Building an AI Agent from Scratch
Most AI agent tutorials start with LangChain. I started with a text file and a loop. Here's what I learned building one from the ground up — tool calling, memory, and all the things that break in production.
Everyone says you need a framework to build AI agents. LangChain, AutoGen, CrewAI — pick your poison. I spent a weekend trying all of them before realizing: I had no idea what was actually happening under the hood.
So I deleted everything and started with the bare minimum: a Python script, the Anthropic API, and a JSON file for memory.
What even is an agent?
Strip away the buzzwords and an AI agent is just this:
- Send a prompt to an LLM
- Parse the response
- Execute a tool if the model asked for one
- Feed the result back
- Repeat until done
That's it. The loop is the agent.
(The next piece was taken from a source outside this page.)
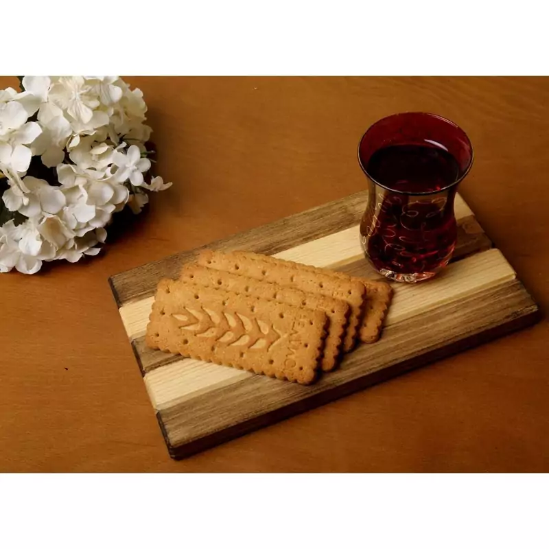 تخته سرو پذیرایی روسا از بهترین چوبهای روس تهیه شده و با دقت بسیار زیادی مونتاژ شده است. از مقطع چوب ها پیداست که از ام دی اف یا پلای ووود یا هیچ نوع چوب دیگری که با مواد شیمیایی آماده و فرآوری شده استفاده نکرده ایم و تختهها قاب شت و شو هستند. این تختهها مناسب پذیرایی با تنقلات و میوهها و همچنین مناسب زیر لیوانی و سرو چاشت عصرانه هستند. زیرا به راحتی یک لیوان چایی و چند کوکی یا شکلات در آن جای خواهد گرفت. همچنین شما می توانید برای سرو یک نفره میوه از این محصول استفاده نمایید. با کمی خلاقیت این تخته سرو می تواند انتخاب مناسبی برای اکسسوری های لازم در عکاسی لوازم کوچک باشد. هدف ما از توجه به جزییات بسیار زیبا در این محصول این است، که شما علاوه بر استفاده از یک محصول کاملاً کاربردی در حین پذیرایی علاوه بر لذت معاشرت از دیدن جزییات کوچک اما دقیق تخته سرو نیز لذت ببرید.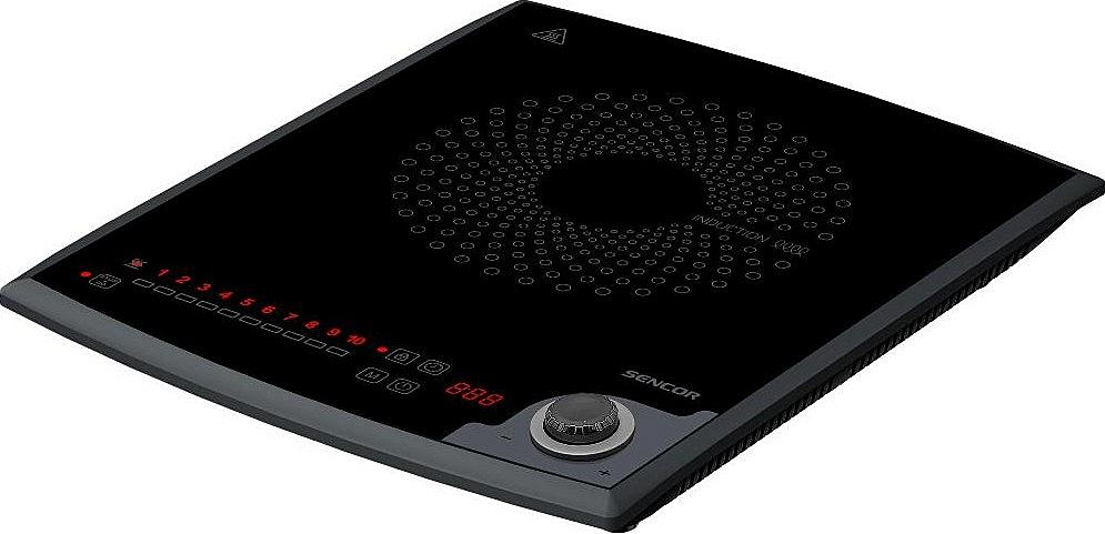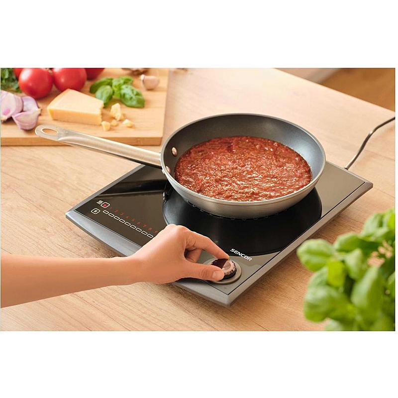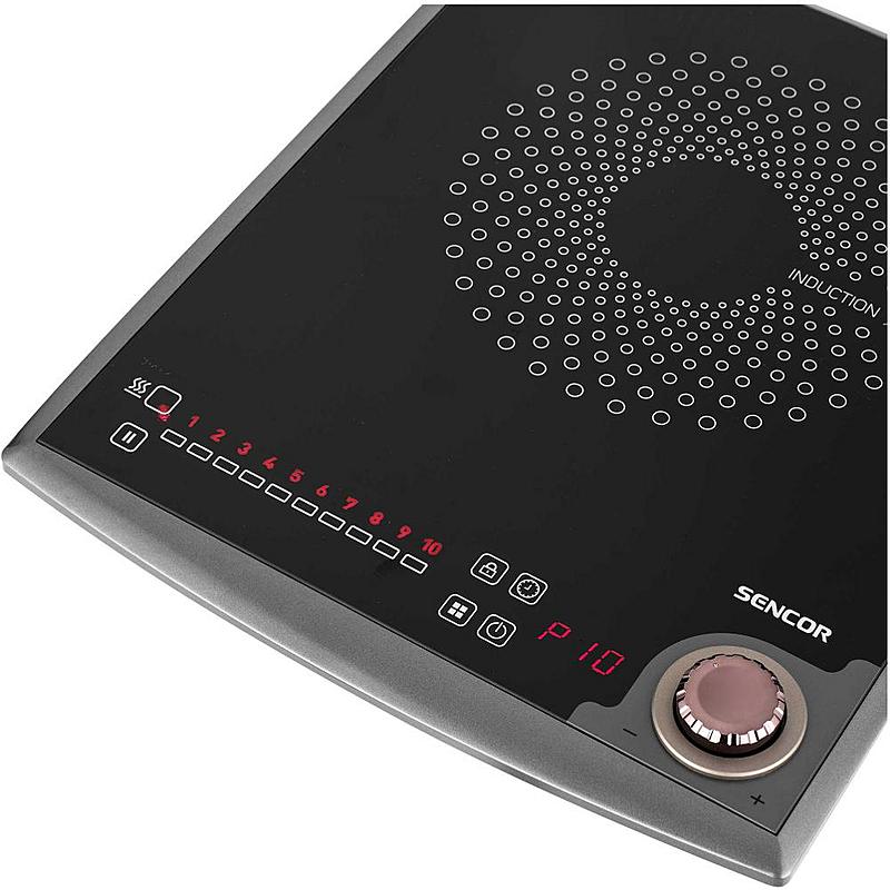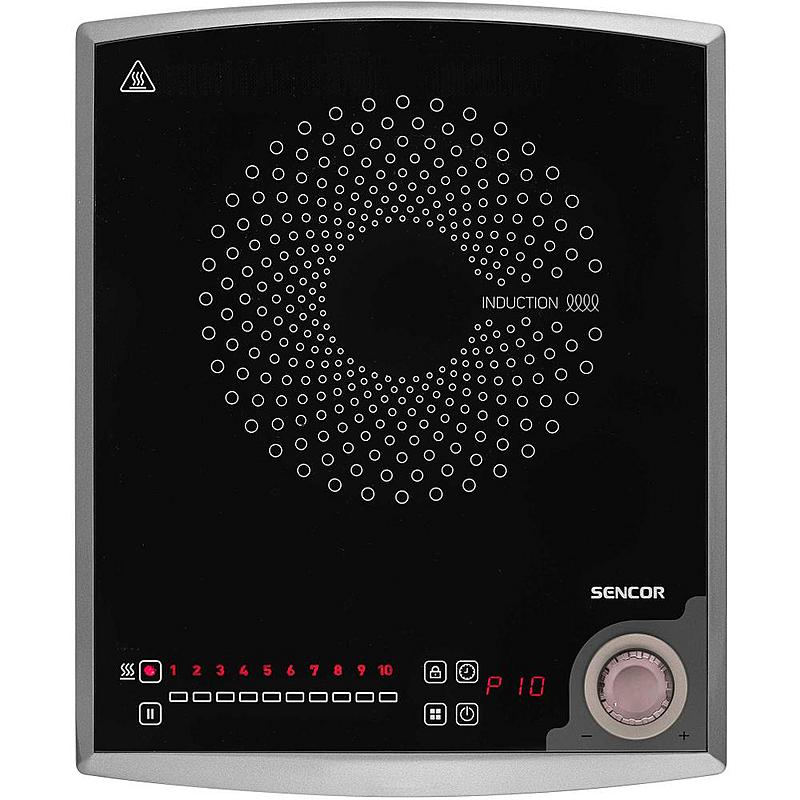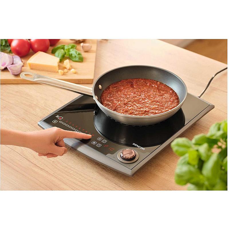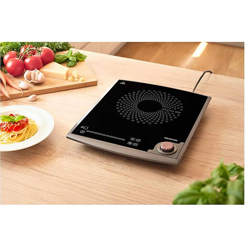 Indukční vařič Sencor s intuitivním ovládáním dotykem a otočným ovladačem. Časovač, 10 možností nastavení teploty a výkon 2000 W.

Everything else is tooling around that loop.
The minimal implementation
Here's the core loop in about 40 lines:
import anthropic
import json
client = anthropic.Anthropic()
def run_agent(task: str, tools: list, max_steps: int = 10):
messages = [{"role": "user", "content": task}]
for step in range(max_steps):
response = client.messages.create(
model="claude-sonnet-4-6",
max_tokens=4096,
tools=tools,
messages=messages,
)
# Append assistant response
messages.append({"role": "assistant", "content": response.content})
if response.stop_reason == "end_turn":
# Model is done
return response.content[-1].text
if response.stop_reason == "tool_use":
# Execute all tool calls
tool_results = []
for block in response.content:
if block.type == "tool_use":
result = execute_tool(block.name, block.input)
tool_results.append({
"type": "tool_result",
"tool_use_id": block.id,
"content": str(result),
})
messages.append({"role": "user", "content": tool_results})
return "Max steps reached"
That's your agent. No framework. No magic. Just a loop and the API.
Tool calling is the hard part
The loop is easy. The tools are where things get interesting — and where things break.
A tool in the Anthropic API is a JSON schema that tells the model what functions it can call and what parameters they take. When the model wants to use one, it returns a tool_use block instead of finishing. You execute the tool and feed the result back.
Things that will bite you:
- Tool errors need to be returned as results, not raised as exceptions. If your tool throws and you don't catch it, the loop dies. Wrap everything in try/except and return the error as a string.
- Models will sometimes call tools that don't exist. Especially if your system prompt is vague. Add validation.
- The model will loop forever if the task is ambiguous. Set a max_steps and be aggressive about it in dev.
Memory: easier than you think
For a personal agent that runs once a day, "memory" is just a JSON file that gets appended to the system prompt:
def load_memory() -> str:
try:
with open("memory.json") as f:
facts = json.load(f)
return "## What I remember:\n" + "\n".join(f"- {f}" for f in facts)
except FileNotFoundError:
return ""
system = f"""You are a helpful assistant.
{load_memory()}
"""
For anything more complex, you need a vector store. But start here. Ship the simple thing first.
What I learned
The framework is usually hiding something you need to understand anyway.
Building from scratch forced me to actually understand what stop_reason means, why tool_use_id needs to match exactly, and why context window management matters in multi-step tasks.
I eventually went back to using frameworks — but now I know what they're doing, and I know when to reach past them.